Ils ont 20 ans et le monde à apprendre. Ou plutôt le monde à prendre tellement ils vont vite. Et si la progression de ce TFC se mesure à sa toute nouvelle place de leader, elle se lit également dans le tableau des sélectionnés. Trois dans l'équipe de France espoirs ces dernières semaines. Albin Ebondo en était, symbole de la vague montante du TFC qui n'a peur de rien. Même pas de jouer à Marseille samedi. Albin Ebondo encore moins que les autres. Pensez, il est chez lui. Né un 23 février, il y a vingt ans. Dans le huitième arrondissement. Enfance, adolescence furent partagés ensuite entre le huitième et le treizième. Aujourd'hui, sa famille et ses amis habitent toujours à Marseille. Lui a quitté la ville phocéenne à 17 ans. Pour rejoindre Toulouse. Et éclore sous la houlette d'Erick Mombaerts. Quatrième saison au TFC et sept matches de Ligue 1. Trois l'an dernier (le premier à Lens pour un match nul méritoire 1-1) et quatre cette saison. Le cinquième ? Probablement samedi. Dans son ancienne ville. Dans son ancien club, l'OM. Dans son ancien stade. L'OM qui a marqué toute sa jeunesse, qui lui a collé la passion football sur la peau, façon tatouage malabar : « Quand je jouais à l'OM avec les jeunes, le club nous donnait des places pour aller voir les matches. On était dans les tribunes en face des présidentielles, les tribunes découvertes. C'était haut. Mon premier match, c'était à l'époque de Carlos Mozer. J'avais entre 6 et 8 ans. » Gâté le minot.
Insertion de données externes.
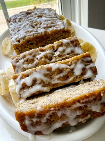 A moist, tasty loaf of sweet, homemade banana bread. Topped with a rich vanilla icing!
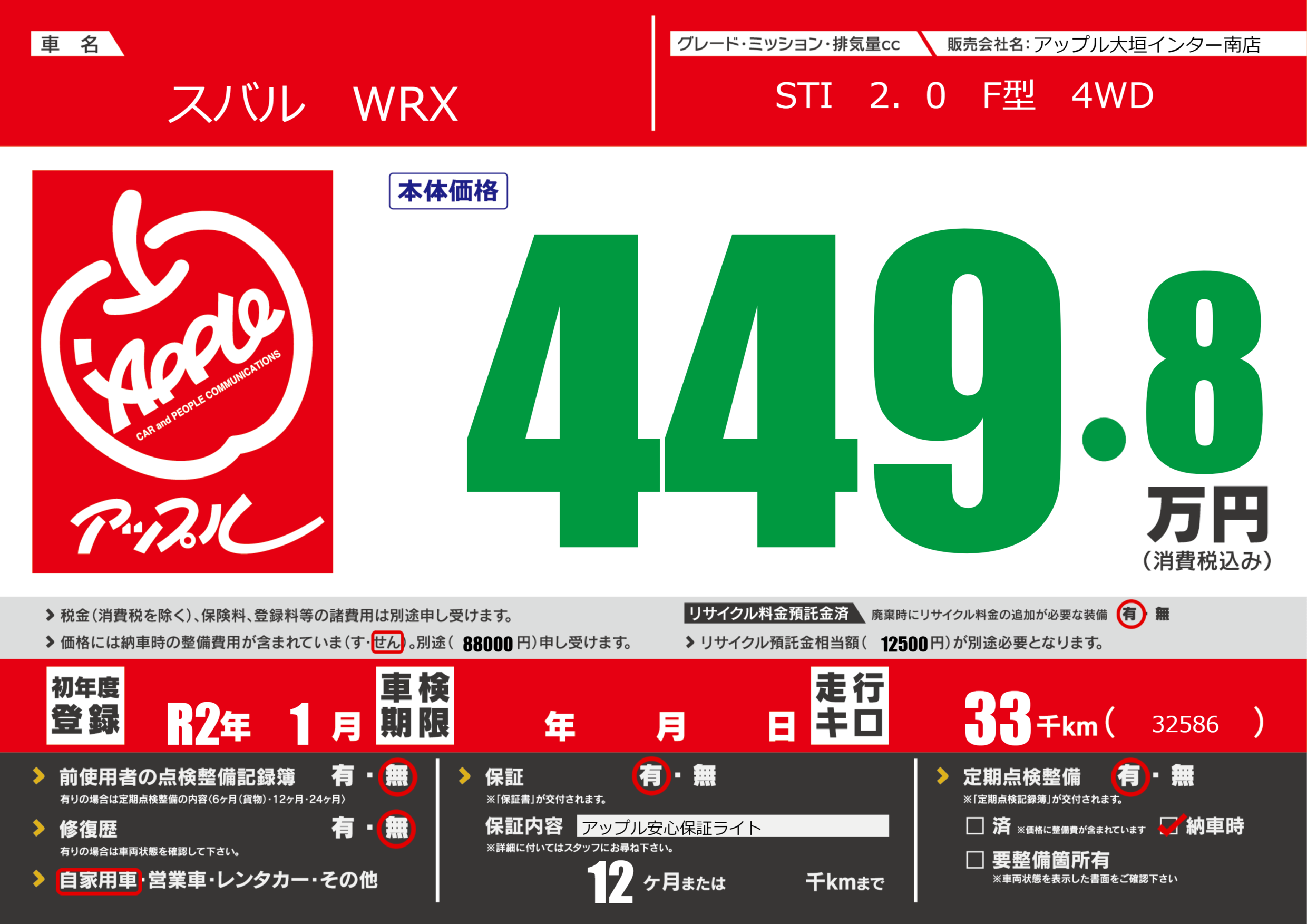保証付き 保証内容(アップル安心保証ライト) 12ヶ月または()千kmまで |

Aujourd'hui, ses souvenirs les plus marquants retracent cette époque dorée de Marseille : « L'année 1993 bien sûr mais aussi les années 90, 91, 92.La génération qui est entrée dans l'histoire. » Et pour cause, ces années-là, l'OM avait mis de la brillantine dans son jeu. Avec des Tigana, Francescoli, Papin, Waddle, Abedi Pelé. Ces deux derniers, « c'étaient les plus aimés du Vélodrome. C'étaient eux qui créaient le beau jeu », assure-t-il. Ses deux préférés également. Presque paradoxal pour celui qui a toujours joué défenseur depuis les pupilles.

Aujourd'hui, alors qu'il brille sous le maillot toulousain, voilà donc son passé marseillais qui le rattrape même si durant la semaine et les instants qui précèdent la rencontre, il va tenter d'évacuer et de ne pas penser à ces deux lettres majuscules : « J'essaie de me concentrer et de me dire que ce n'est pas l'OM. » Pour lui, il s'agira toutefois d'une première au Vélodrome : « Je n'ai jamais joué au stade Vélodrome parce que les jeunes jouaient derrière, au parc Borelli. » Il va donc tout découvrir. Ou presque car il connait un peu les vestiaires pour avoir été ramasseur de balles.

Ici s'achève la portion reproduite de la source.